The Rolls-Royce 30 hp was one of four cars to be produced as a result of an agreement of 23 December 1904 between Charles Rolls and Henry Royce. Badged as a Rolls-Royce, (Note: Rolls-Royce was not formed as a company until 1906.) the 30 hp was produced during 1905 and 1906 by Royce's company, Royce Ltd. at its factory in Cooke Street, Hulme, Manchester. It was sold exclusively by Rolls' motor dealership, C.S.Rolls & Co., at a price of GBP 890. (Note: In chassis only form.) The engine was exhibited at the Paris Salon in December 1904, along with the 10 hp, 15 hp and 20 hp models.

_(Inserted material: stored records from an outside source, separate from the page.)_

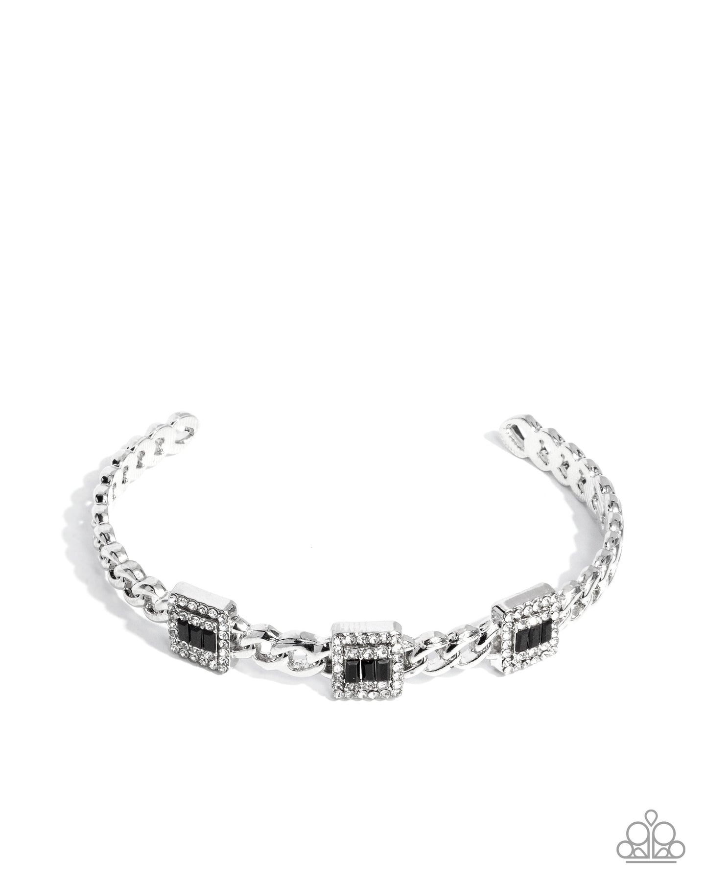 Pressed in a doubled square frame of white rhinestones, a trio of emerald-cut black gems glisten atop a silver curb chain-inspired cuff for a twinkling trio display.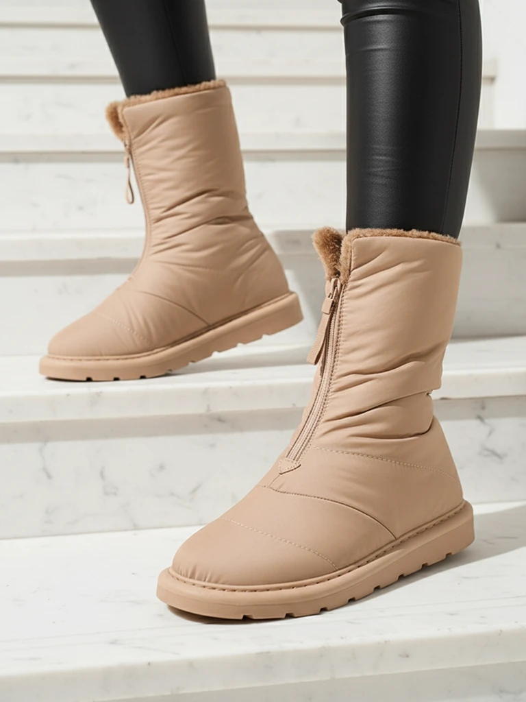 • Chaussures d'hiver élégantes pour femmes, type bottes de neige, la tige est faite d'un matériau synthétique imitation toile cirée. L'intérieur est isolé avec une épaisse fourrure, les chaussures se ferment avec une fermeture éclair à l'avant. BOTTES D'HIV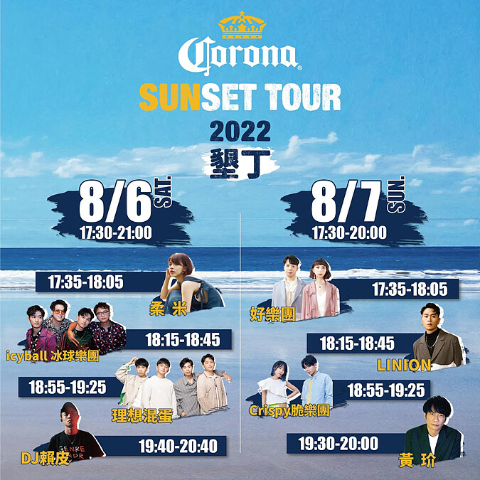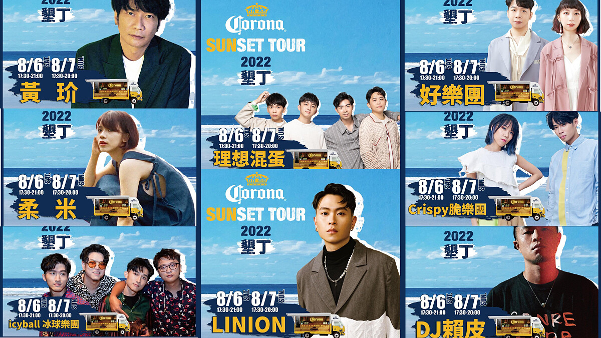 身為主辦方,Corona可樂娜啤酒邀請最8組演出卡司:理想混蛋、icyball冰球樂團、Crispy脆樂團、好樂團、黃玠、LINION、柔米、DJ賴皮,藉由不同風格音樂,搭配夏天南島的熱情夕陽,光用想像就令人好嚮往!現場除了有音樂、夕陽、美酒之外,也有墨西哥特色美食與手作活動,帶你一起體驗海外風情。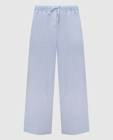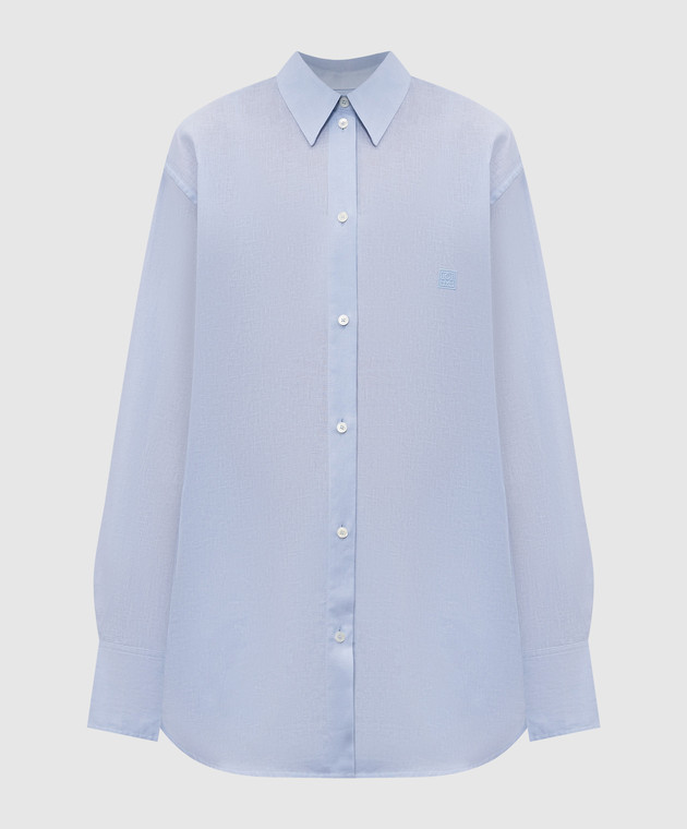 Блакитна сорочка з льоном з вишивкою монограми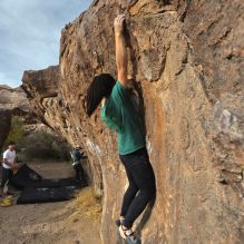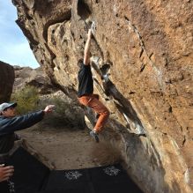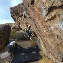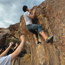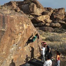 Blue Lizard Climbing and Yoga Hueco Tanks guiding on February 24, 2023, with Michael, Rachel, Rich, and Roy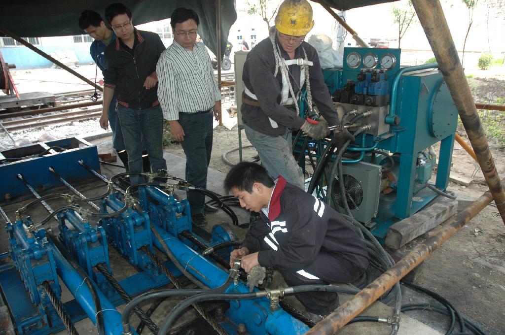 下午2點,在礦副井廣場舉行了副絞首繩更換和電控改造任務(wù)開工儀式,礦機電礦長馬銅生、機電副總郭全柱分別作了動員講話。礦總工程師雷鐵山指出,這次玉華礦拿出20天的時間進行檢修,從公司到礦都非常關(guān)注,副絞的兩大工程時間緊、任務(wù)重,希望機電車間全體干部職工在確保安全施工的前提下,勁朝一處使、充分發(fā)揮大家的聰明才智,在工作中多向廠家技術(shù)員學習請教,保質(zhì)保量圓滿完成此次副絞首繩更換和電控改造任務(wù)。 在開工鞭炮的響聲中,每條530米長、直徑3.2厘米,總重近10噸的四條鋼絲繩、在機電車間干部職工的統(tǒng)一、科學指揮下,徐徐拉入副井,這也標志著玉華煤礦從投產(chǎn)至今的8年時間內(nèi),耗時最長的礦井檢修工作正式拉開了大幕。
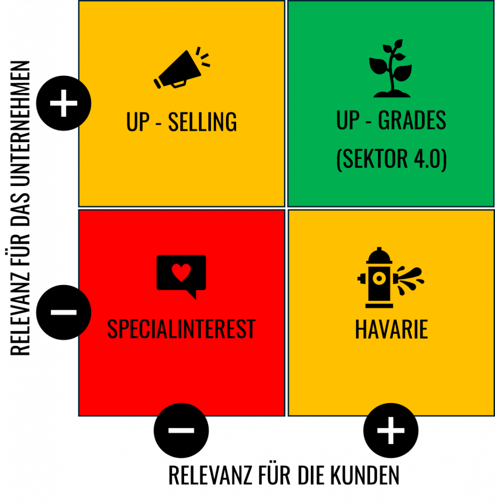 Der Sektor 4.0 entsteht, wenn man die Leistungen in eine Matrix bringt, die ein Unternehmen entlang seines Grundangebots im Bereich der Kundenbeziehung/Kundenkommunikation erbringt.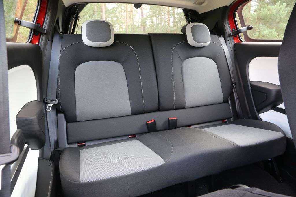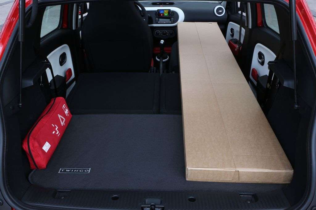 Das Kofferraumvolumen des neuen Twingo beträgt 219 Liter nach VDA-Norm. Wird die Rückbank umgeklappt, steht ein ebener Ladeboden mit 1,34 Meter Länge zur Verfügung. Die Lade­kapazität steigt auf 980 Liter. Zusätzlich ist die Beifahrersitzlehne ab Werk umklappbar, sodass sich Gegenstände bis zu 2,31 Meter Länge transportieren lassen.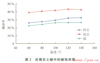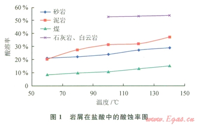 酸液對白云巖、石灰?guī)r的酸化效果最好,酸蝕率超過50%,其次是泥巖;酸液對鉆井液泥餅同樣具有一定的酸溶率,在20%~40%之間。土酸整體的酸化效果優(yōu)于鹽酸,但差距較小。溫度越高,酸化效果越好。因此,在鉆遇易酸化地層時出現(xiàn)卡鉆事故時[2],理論上采用浸泡酸化解卡液的辦法是可行的[3]。
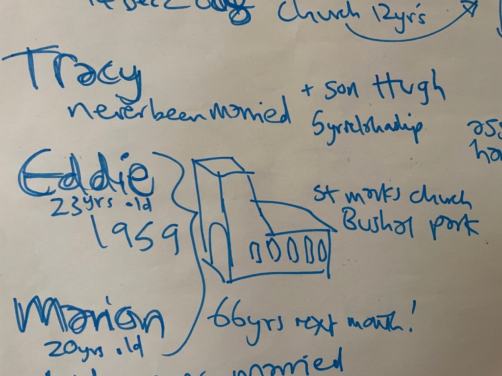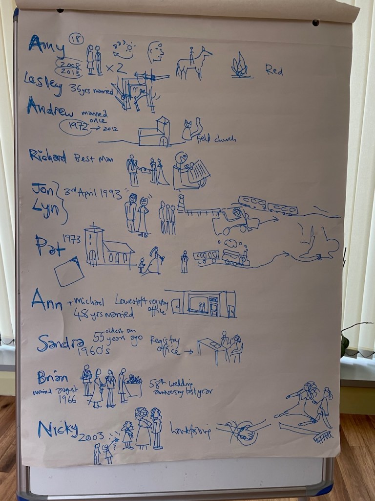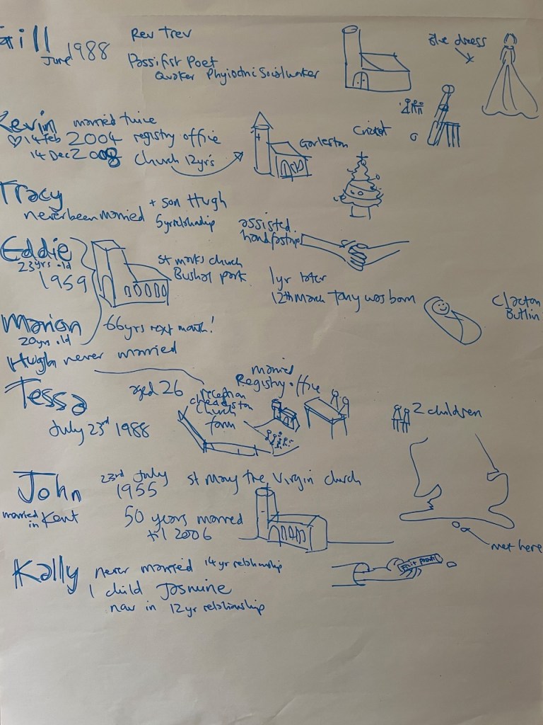 Great diversity among us: Married twice, both to the same woman / Never married / Married Nepali Hindi style in red / Married in Catfield Church / Best man to his friends wedding / Diss Registry office and after a train to Great Yarmounth for fish and chips ( because I love trains) / St Lawrance church Coventry in a tailor made white dress, bridesmaid was Murrial, followed by a train to Bornmouth / Resistry office Lowestoft / Met at teacher training college, married in a registry office / Not a happy occassion as my father in law was against the marriage / Never been married / St Marks Church Enfield, after meeting at Butlins / Church Farm Cheddiston church / Hayes, Kent honey moon in Devon.

Claude Johnson was keen that a six-cylinder model was included in the Rolls-Royce line-up as other "quality" makers, especially Napier, were adding them to their ranges. The 30 hp was discontinued when the company changed to a single model policy and launched the 40/50 (Silver Ghost).

== Engine ==
The engine is made of three separately-cast two-cylinder units with monobloc heads which are common with the two-cylinder 10 hp and four-cylinder 20 hp types sharing their bore of 4 in and stroke of 5 in. It is water-cooled and of 6,000 cc capacity with overhead inlet and side exhaust valves.

A single Royce carburettor is fitted. Early cars have a high-tension ignition system using pre-charged accumulators, a trembler and a coil ignition system; on later cars this is supplemented by a magneto which could be used as an alternative. As the lighting supplied uses oil for the side and tail and acetylene for the headlights, there is no other drain on the accumulators, which need to be recharged between outings. The power output is 30 bhp at 1000 rpm. The engine speed is controlled by a governor that can be over-ridden by the pedal-controlled accelerator.

A four-speed transmission carried over from the "Light" 20 hp model is connected to the engine via a short shaft. On this transmission, third gear is direct and fourth speed an overdrive ratio. A leather-faced cone clutch is used.

=== Crankshaft ===
The crankshaft is carried in seven main bearings in an attempt to keep vibration to a minimum, a problem on many early six-cylinder engines, as the dynamics of the layout were still not fully understood. Flywheels are fitted at both the front and rear of the crankshaft. After some early cars suffered broken crankshafts Royce modified the front flywheel to incorporate a harmonic damper which overcame the problem.

== Car ==
The car has a top speed of 55 mph. There is a transmission brake operating on a 12.5 in drum fitted behind the gearbox operated by foot pedal and internal expanding 12 in drum brakes on the back axle operated by the handbrake lever. Suspension is by semi-elliptic leaf springs on both front and rear axles with an additional crossways helper spring on the rear. The axle is located by a triangular strut linking axle and chassis and the main drive thrust is transmitted to the car by links between the ends of the axle and forward spring brackets. By this means the springs are only responsible for suspension. Artillery type wheels with wooden spokes were fitted.

Two chassis lengths were made, the short is 112 in in length and the long 118 in. The track is the same on both lengths at 56 in. Rolls-Royce did not provide the coachwork. Instead, the cars were sold in chassis form for the customer to arrange their own body supplier. Both closed and open cars were made. Of the 37 or possibly 38 cars made, three were exported to the US, one to Canada and one to Germany.

Only one car, a short wheelbase model with chassis number 26355 is known to survive.